Their comments convinced part of the investment community, according to Tom Adshed, head of research at the hedge fund Kazimir Partners in Moscow, who said Putin’s health isn’t a “major issue.”

“He is showing himself on the public stage and he still seems pretty active,” he said by phone Nov. 13.

Still, the assurances haven’t stopped speculation. The Russian-language search terms “Putin heart attack” yield about 30,000 Google Inc. results for the past month.

Endangered Cranes

The Moscow-based business newspaper Vedomosti on Nov. 1 cited two people close to the Kremlin as saying that Putin re- injured his back during a Sept. 6 flight leading a flock of endangered cranes into the wild in a motorized hang glider. The president is undergoing treatment and doctors advised him against any flights, Vedomosti wrote.

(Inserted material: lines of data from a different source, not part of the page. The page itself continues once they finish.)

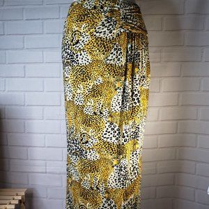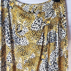 Anthro Corey Lynn Calter Yellow Leopard Midi Skirt S small Black Cheetah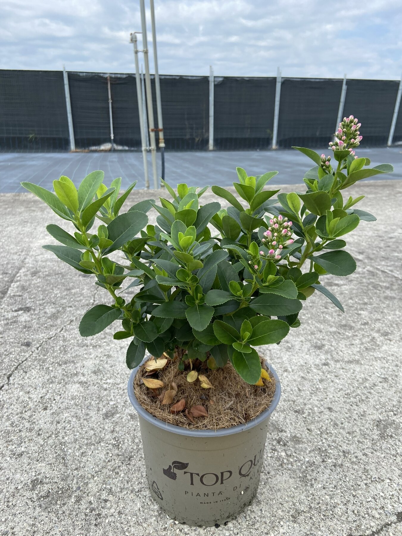 Arbusto sempreverde che appartiene alla famiglia delle Escalloniaceae. Portamento rotondeggiante che raggiunge a maturità i 100 cm di altezza. Fogliame verde scuro lucido. Da agosto ad ottobre produce numerosi fiori di color rosa sfumato di bianco, dal profumo delicato. Ideale per terrazze, vasi e fioriere. Predilige un terreno fertile e ben drenato.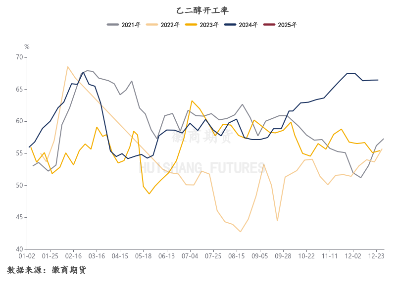需求方面,终端消费一般,但聚酯需求尚可,2024年行业开工率高于2023年,2025年预估聚酯端新增投产400万吨,对PTA新增需求约342万吨,对乙二醇新增需求132万吨左右,在开工率仍保持韧性的情况下,聚酯产量仍消化不了PTA的产量,但预计能消化乙二醇的产量。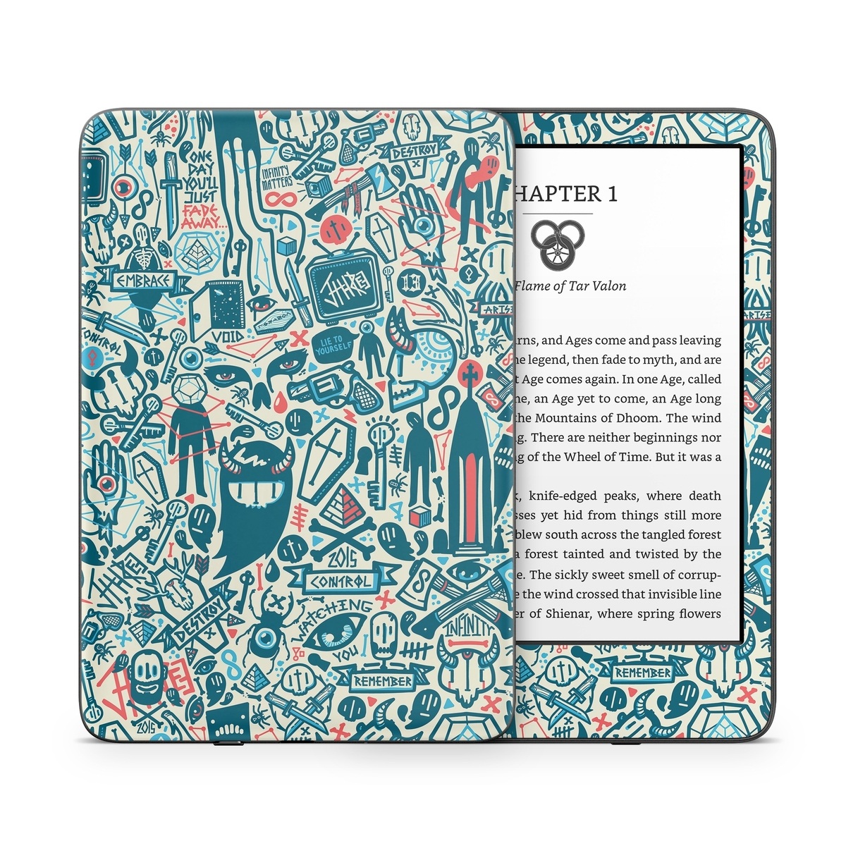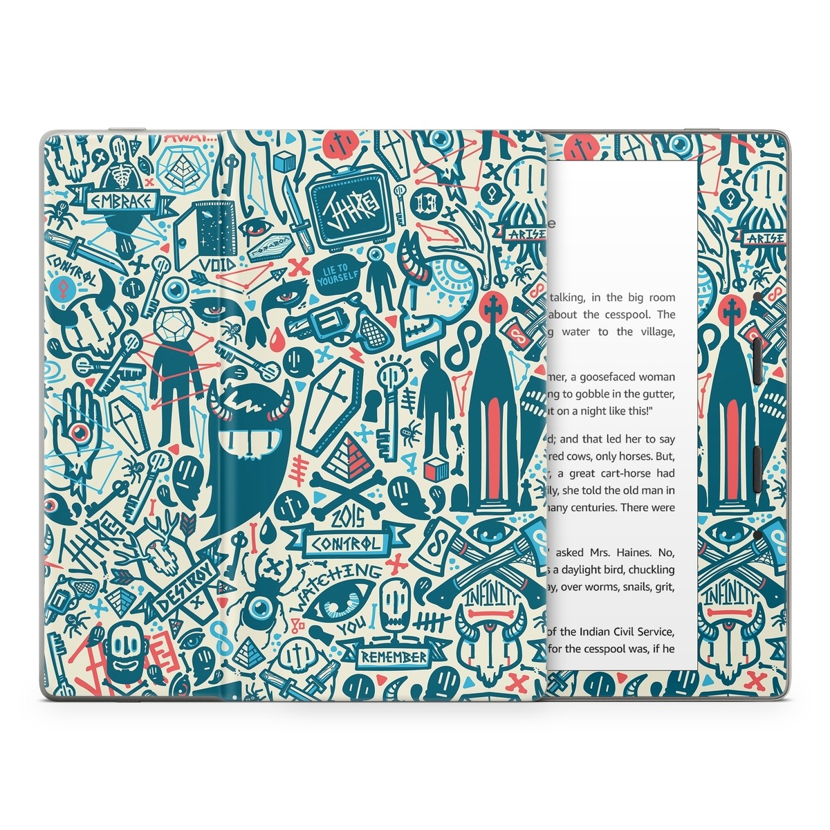 iStyles Amazon Kindle Series Skin design of Pattern, Psychedelic art, Turquoise, Art, Design, Visual arts, Line, Drawing, Doodle, Graphic design, with white, green, blue, red colors, and tagged with patterns, animals, people, objects, signs.

Peskov the same day said Putin, a judo black belt, hadn’t aggravated an old back injury during the stunt.

A strained muscle in the lower back or a degenerative lumbar spine condition would be consistent with Putin avoiding air travel and his apparent difficulty in walking, according to David Geier, an orthopedic surgeon at the Medical University of South Carolina in Charleston.

“Degenerative lumbar spine conditions would be more serious but that doesn’t imply that they aren’t treatable or even require surgery,” Geier said by e-mail on Nov. 13.

Most Russians remember guessing about the health of their leaders, from President Boris Yeltsin in the 1990s, stretching back to the 1980s when three Communist Party chiefs died while in office. Soviet leader Leonid Brezhnev was rarely seen in the months before he died of a heart attack on Nov. 10, 1982, with the Soviet government claiming he wasn’t seriously ill.

No Clarity

Even if the secrecy isn’t comparable to those times, the Kremlin won’t provide “complete clarity,” said Roland Nash, chief investment strategist at Verno Capital, which manages $200 million in Russian equities. Anything that threatens Putin’s health “is a cause for concern,” he said.

Putin, who will be eligible to run for another six-year term in 2018, needs to have a clear plan for succession, said Tim McCarthy, who oversees more than $1 billion of assets in Russia and other emerging markets at Valartis Asset Management (ADN) in Geneva.

“They need to have a back-up plan for when they think the main guy is a risk.”